Structural violence is often under-estimated, since it is less obvious and less direct than physical violence. It is defined as any situation where a woman is disadvantaged solely on account of the fact of her sex, particularly when she is deprived of her most basic rights, such as the freedom to exercise a profession, to have a bank account of her own, etc. These inequalities engender and encourage male violence towards women.

iii. Causes and consequences

The cause of violence against women within the family home is related to cultural structures and to a traditional and sex-based distribution of labour. The majority of men consider it normal to take the most important position and do not wish to see this arrangement called into question. Some go further, viewing this wish for superiority as a right. For them, violence is just another method of determining the distribution of tasks within the home. Violent men believe that it is totally legitimate to dominate their wives, to force them to do or not to do certain things, and to oblige them to behave in a certain way.

Domestic violence was for many years considered as a private affair in which the state and the justice system had no business interfering. Yet, since domestic violence violates the physical and psychological well-being of the women concerned, it is a direct attack on human rights and therefore a criminal offence.
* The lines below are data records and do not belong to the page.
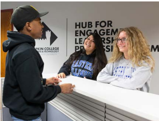
The Hub provides services to EIU students enrolled in the School of Business and School of Technology.

Lumpkin College introduced a new centralized location for student advising this past year – the Hub for Engagement, Leadership, & Professionalism.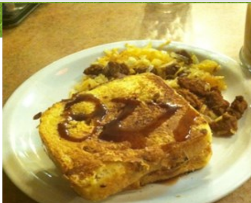
Following the competitions at McKeesport and Baldwin, the band met up at Denny's at convinced the waitress to write the score they received on pieces of French toast.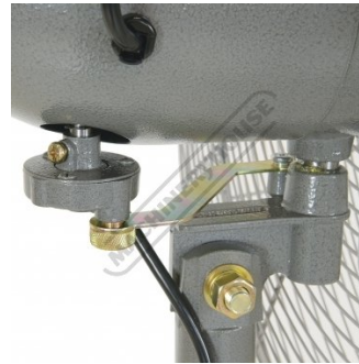
Oscillating Head Mechanism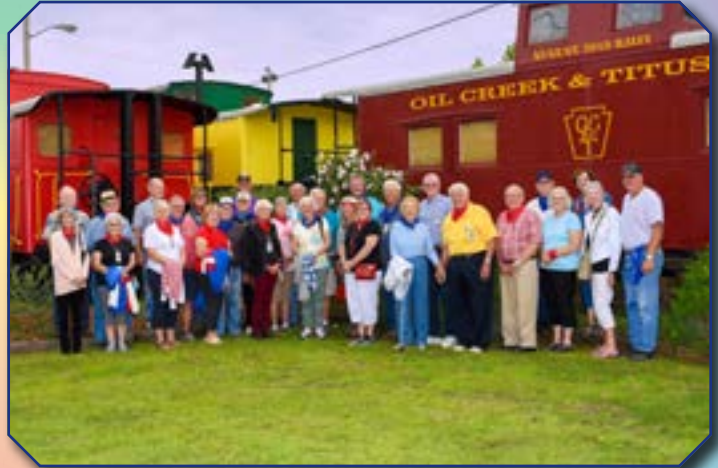
Akron Ohio Unit on a Murder Mystery Train Ride in Titusville, PA - submitted by Betsy Ketchum, #1650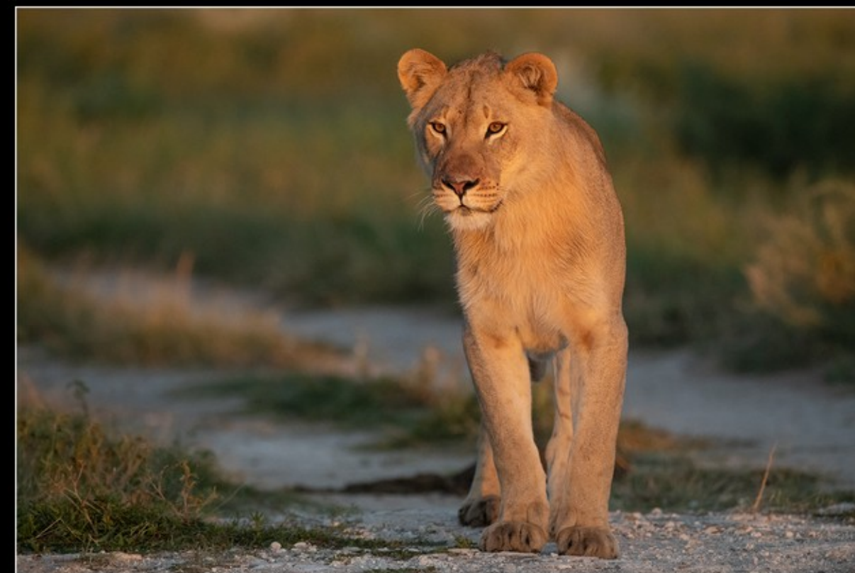
MR-001-Curious lions 1-202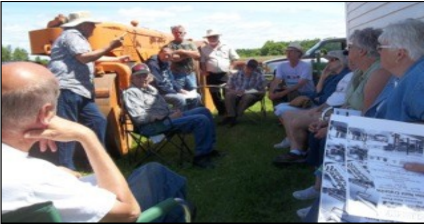
Our June meeting in Madrid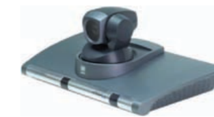
VIDEO & AUDIO CONFERENCING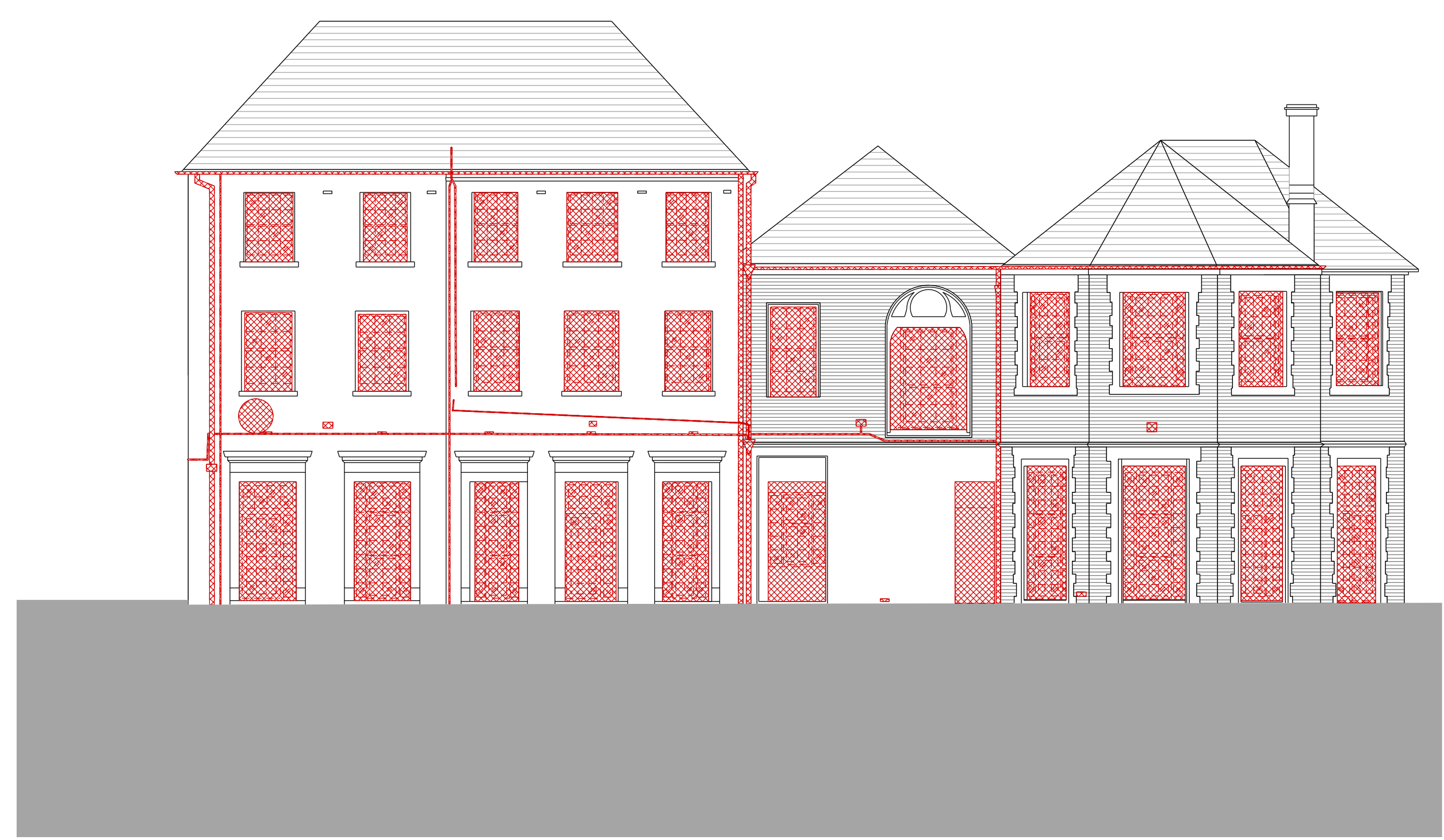
04 South East (Garden) Elevation SCALE: 1:100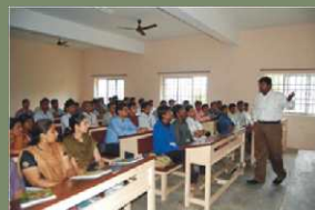
Placement training programme was conducted for Seventh Semester students for 6 days from 08.08.2011 to 13.08.2011.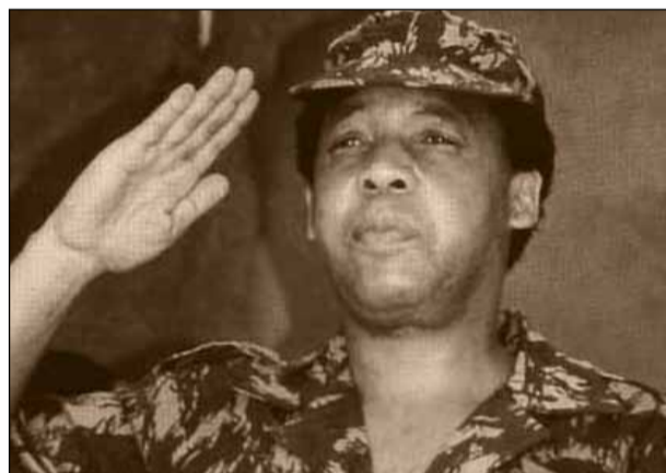
Chris Hani, murdered

I later discovered that this militant young man had enrolled, but could not complete his studies at Fort Hare University. He was at the forefront of the students struggles and earned the reputation and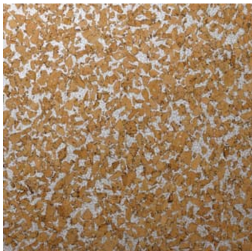
Image depicts 12x12 inch section.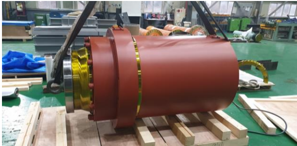
Hydraulic Forging Press Cylinder

Since then, clients like POSCO and Hyundai Steel have been choosing our cylinders over German, U.S., and Italian suppliers for our price and lead time advantages.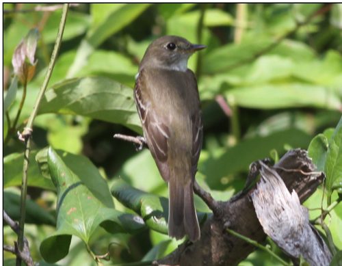
Alder Flycatcher, Fulton Co. 20 August 2013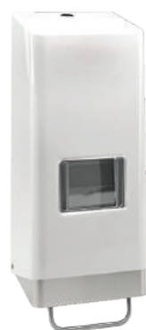
PEVAMAT SF4 STAINLESS STEEL DISPENSER

FOR 4 L SOFT BOTTLE, WHITE CAP, POW- DER COATED, LOCKABLE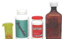
Prescription drugs, Ibuprofen, Acetaminophen, & Cold medicine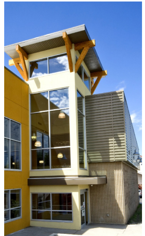
Town and Country Foods, Bozeman, MT

Additional product information is available from the manufacturer upon request. Metal Sales product information may be found in McGraw-Hill Sweets, ARCAT.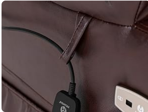
Figure 8: Comparison illustrating the 30% thicker faux leather used in the recliner, contributing to enhanced durability and a premium feel.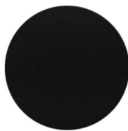
Graphite - Aluminum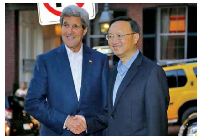
US Secretary of State John Kerry greets China's State Councilor Yang Jiechi (R) outside Kerry's home in Boston, Massachusetts on 17 Oct, 2014.

Analysts familiar with US thinking expect the Boston talks to include discussion of intelligence cooperation, including tracking militant movements and financing. China is also keen to lay out a strong agenda for a summit between its President Xi Jinping and Obama in Beijing on 12 November after a meeting of the Asia-Pacific Cooperation forum (APEC). China hopes the leaders will be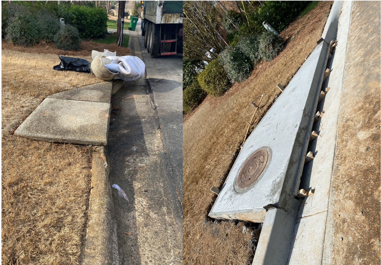
Catch basin top slab, throat, and curb repairs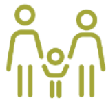
REBUILD AFTER INCARCERATION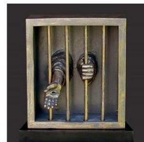
When I was in prison...

As you did for the least of my brothers and sisters, you did for me.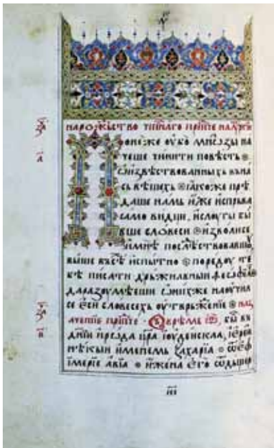
8. Headpiece, The Four Gospels of Karan , Treasury of the Nikolje Monastery, fol. 145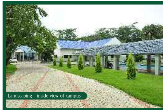
Landscaping - inside view of campus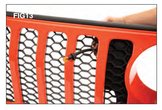
front camera you will need to lower the light in the center slot and the other two to match if desired. Next, carefully separate the rubber grommet from the light and fish them through each hole in the grill to be used. (FIG 13)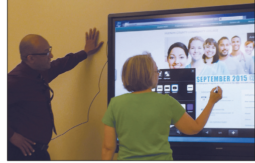
The Center for Online Learning trained CarePoint faculty and staff on the new Sharp Aquos boards at 870 Bergen Avenue (Building F).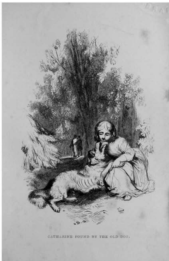
CATHERINE FOUND BY THE OLD DOG.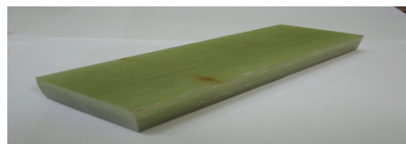
Fig. 1: GFRP composite materials used Pultruded bar (160*55*20 mm).

Low recyclability. Cost can fluctuate. Can be damaged. Anisotropic properties. Low reusability.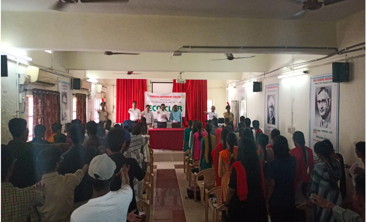
on the occasion of world environment day eco club conducted awareness programme on no plastic use and global warming, student taken swachhta pledge on 04/06/2022.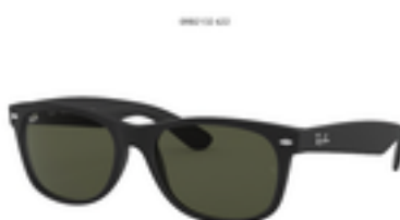
RayBan Frame: 2132 (New Wayfarer) Color: 622 (Rubber Black)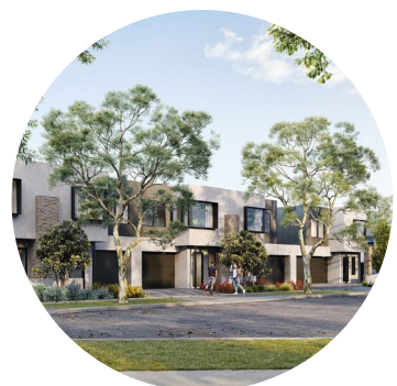
Artist impression of Stage 2 homes at Olio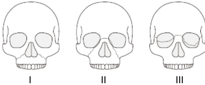
Figure 1. Le Fort 2 fracture patterns.

All of the choices. All of these are true. These fracture patterns are well described and widely reproduced (Figure 1).

However, for several reasons, it is not easy for battered women to leave their husband or partner. Firstly, paradoxical as it may seem, they love their partners. They do not love violent situations. In addition, they experience considerable pressure from their immediate circle: from their partners in the first place, who, once the crisis has passed, promise not to start again or threaten them with reprisals, against the women, themselves (suicide) or the children. In certain cases, there is pressure from the rest of the family. Moving away also means leaving everything behind and starting a new life elsewhere. This presupposes financial resources as well as help and support from outside the home. Psychological factors of fear and shame also make running away difficult. Finally, it must be pointed out that it is unjust that it should be the woman, the victim, who leaves her home, while the husband is not harried on account of his violent behaviour and in many countries is still not obliged to answer for it before the courts.

The Council's member states and governments must therefore respond by introducing specific measures.

A first step would be to ask all member states to pass laws making marital rape a criminal offence. Simplified judicial procedures should be available to victims and provision should be made for them to be heard by suitably trained staff. Lastly, with the help of community organisations, steps must be taken to set up refuges and day centres where such women would be able above all to receive psychological help.

I would also draw attention to the seriousness and frequency of sexual harassment in the workplace. It takes both physical and mental forms, very often causing depression and ending in the victim’s resigning her post and incurring all the consequences of that.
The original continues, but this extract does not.